Да, писали весело, но — трудно это, трудно сочинять роман. Лукодьянов мог отдавать литературным занятиям лишь вечера и выходные дни. А у меня поспевала книжка морских рассказов для Воениздата, и далеко не сразу я включился в работу над романом. В общем, если за точку отсчета взять эпизод с грузовиком и пешеходом, то на «обговаривание» и написание романа ушло два года и три месяца.
Но вот легла на стол толстая кипа машинописи. На титульном листе стояло: «Экипаж „Меконга“». И подзаголовок: «Книга о новейших фантастических открытиях и о старинных происшествиях, о тайнах вещества и о многих приключениях на суше и на море».

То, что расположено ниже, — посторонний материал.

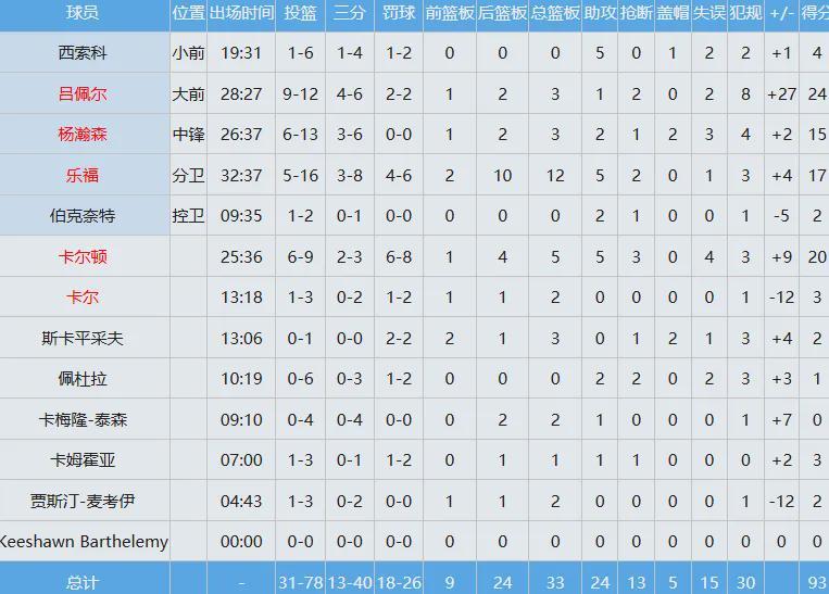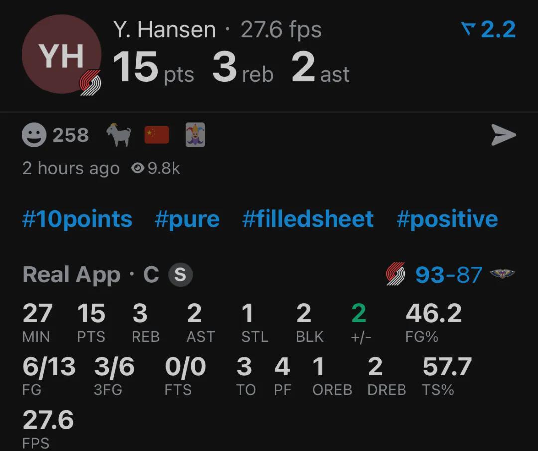 最终全场打完,开拓者93-87击败鹈鹕,此役杨瀚森出战约27分钟,投篮13中6,其中三分6中3,砍下15分3板2助1断2帽,再次强势填满数据栏。

Однако одно дело — рукопись на авторском столе, и совсем другое — она же на столе издательства.
Поскольку наш роман предназначался юному читателю, мы отправили рукопись в московское издательство «Детская литература» — Детгиз. Очень долго не было ответа. Мы терпеливо ждали. Я, со своим тогдашним скромным литературным опытом, уже знал, что «дикие», приходящие со стороны рукописи — так называемый «самотек» — в издательствах не любят. Чаще всего их отдают «под зарез» внештатным рецензентам,
а потом с отпиской, исполненной ледяной вежливости, возвращают авторам.Но нам с Лукодьяновым повезло.
После долгого молчания пришло из Детгиза письмо от 24 августа 1960 года:
Мы с интересом и удовольствием ознакомились с «Экипажем „Меконга“». На наш взгляд, книга получается. Рукопись читается отлично, и вас можно поздравить с литературной удачей. Конечно (без этого сакраментального «конечно» таких писем не бывает), поработать еще придется немало. В повести остались длиноты, отдельные сюжетные несоответствия, случайные и ненужные мелкие отступления, неясности научные. Короче, в рукописи еще предостаточно «строймусора». Тем не менее мы сочли возможным представить «Экипаж» на редакционный совет для включения в план. Рукопись в тематический план Детгиза включена. В ближайшие дни получите договор.
Итак, формальности позади. Нужно начинать работать с таким расчетом, чтобы окончательный вариант был на нашем столе к 15 декабря. Для этого необходимо:
а) Второй экземпляр рукописи — немедленно.
б) Выезд одного из вас в Москву для личных переговоров.
в) Тщательная проверка вами научной линии повести, чтобы на ней, линии, не осталось ни одной заусеницы, которые сейчас ее, линию, украшают (вернее, не украшают).
Подробности при встрече.
Стругацкий… Эта фамилия была нам знакома по рассказам в журнале «Знание — сила». Как раз недавно мы прочитали книгу братьев Стругацких «Страна багровых туч». Ну что ж, это большая удача, что наш «Меконг» попал в руки не просто старшего редактора, но старшего из братьев Стругацких.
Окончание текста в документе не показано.